アルの想い2
「リズ姉……リザリスには、僕の隣に居て欲しいと思っています。今だけでなく、これからも、ガルバルド・アルス・ドラコーンの生涯の「待った!」」
突然ドルドラ卿が言葉を遮った。
「その先を聞いて良いのは儂ではない、最初に言うべき相手は儂ではなかろう?」
気がつくと、僕の後ろにはお茶を持ってきたリズ姉が立っていた。緊張しすぎて、ノックの音にも気が付かなかったらしい。
少し体を震わせ、緊張して立っているリズ姉。
僕は席を立ち、リズ姉の前に並ぶと、マジックバックからある物を取り出した。
そして、リザリスの前に片膝立ちになり、取り出したアースドラゴンの魔石を胸の前に上げる。
僕の喉も緊張でカラカラになっている。ゴクリと唾を飲み、やっとの思いで言葉を紡ぎ出す。

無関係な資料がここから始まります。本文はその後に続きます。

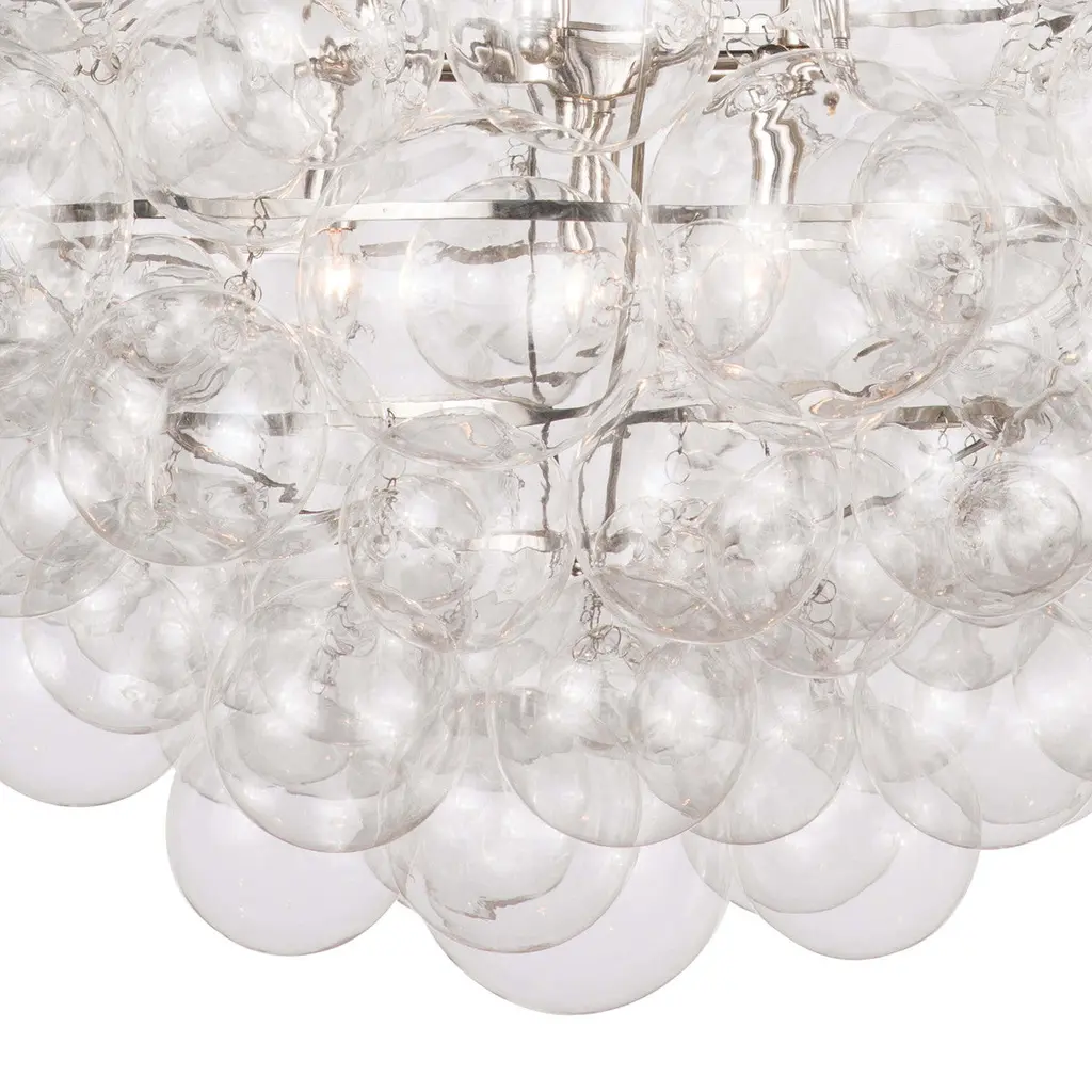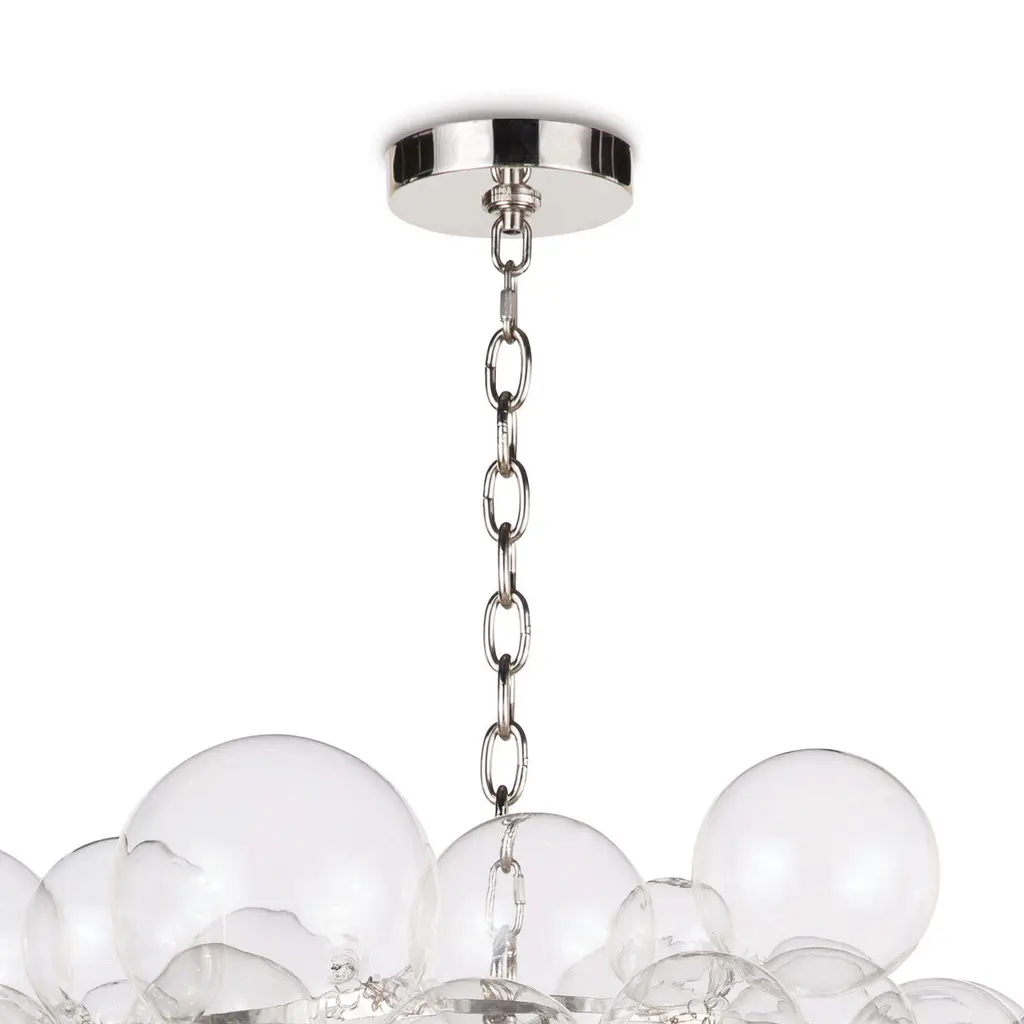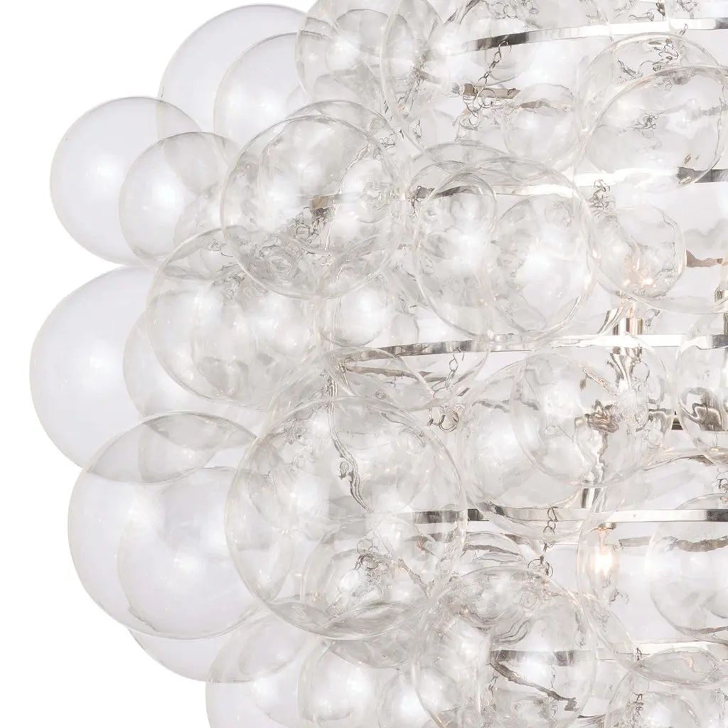 Nimbus chandelier lives up to its name, featuring hundreds of glass balls in varying sizes that create a cloud-like orb, suspended by a polished nickel frame and chain. Make a statement in your living room or above a dining table with this airy fixture.
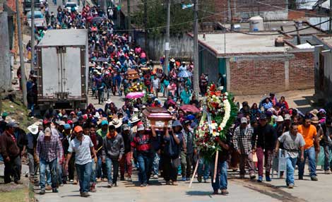 Habitantes de la localidad realizaron las honras fúnebres a los tres comuneros que murieron en la incursión y enfrentamiento con la policía el pasado miércoles. En Morelia, se manifestaron frente a las instalaciones de la Procuraduría General de Justicia del Estado para demandar una investigación a fondo y deslindar responsabilidades; también exigieron la liberación de 48 compañeros. La organización Nación Purépecha Zapatista afirmó que ninguno de los fallecidos estaba armado. Bernardo Corona, secretario de Seguridad Pública, reiteró que los agentes estatales fueron emboscados. La Comisión Nacional de los Derechos Humanos informó que atraerá el caso Foto Afp

「太陽の神がその輝きを隠そうとも、私は貴女の光を見つけ出すでしょう。月の女神が夜の帳に身を潜めても、貴女の柔らかな輝きが私を導いてくれるでしょう。時にはパンを分け合い、一杯のワインを二人で飲む日が続いても。幾久しく恒久の時を貴女と共にありたいと願う。リザリス・シュットガルド嬢、私の生涯の伴侶になって頂けませんか?」
リザリスの瞳からは綺麗な雫が溢れ、か細く「はい」と、聞き逃しそうなほど小さな声が聞こえた。
立ち上がって、魔石を手渡しリザリスを抱きしめる。
パチパチパチパチ
優しい瞳で二人を見守るドルドラ卿。
「ドラコーン王の伝記だな……ならば。『二人の婚約、この儂が見届け人となった。もし異議を申し立てる者があれば儂に言ってくるが良い、全員ぶっ飛ばしてやる』どうだ?」
「お祖父様、今ここには二人以外誰もおりません。異議する者も居ませんよ」
「良いのだ、これも様式美というものさ」
ドルドラ卿が近寄って、リザリスの持つ魔石をジッと見る。
「これは、アースドラゴンの魔石か?」
魔石を持つリズ姉の体がビクッとする。
「そうです。以前、ジョーカーに飛ばされた六十層で倒した、アースドラゴンの赤の特大魔石です」
「こんな物を貰う女性は、初代ドラコーン王の王妃リスティ以外では初めてでは無いのか?」
「そうなの? リズ姉?」
ドルドラ卿と二人で魔石をツンツンしながらリズ姉にたずねる。
「二人とも気軽に魔石を触り過ぎだ! これは私が貰った物だからな。気安く触るのではない! それからアル! 今後はリズ姉呼びは禁止だ! ちゃんとリザリスと呼んで欲しい」
そう言うと、魔石を僕に渡してマジックバックに戻させた。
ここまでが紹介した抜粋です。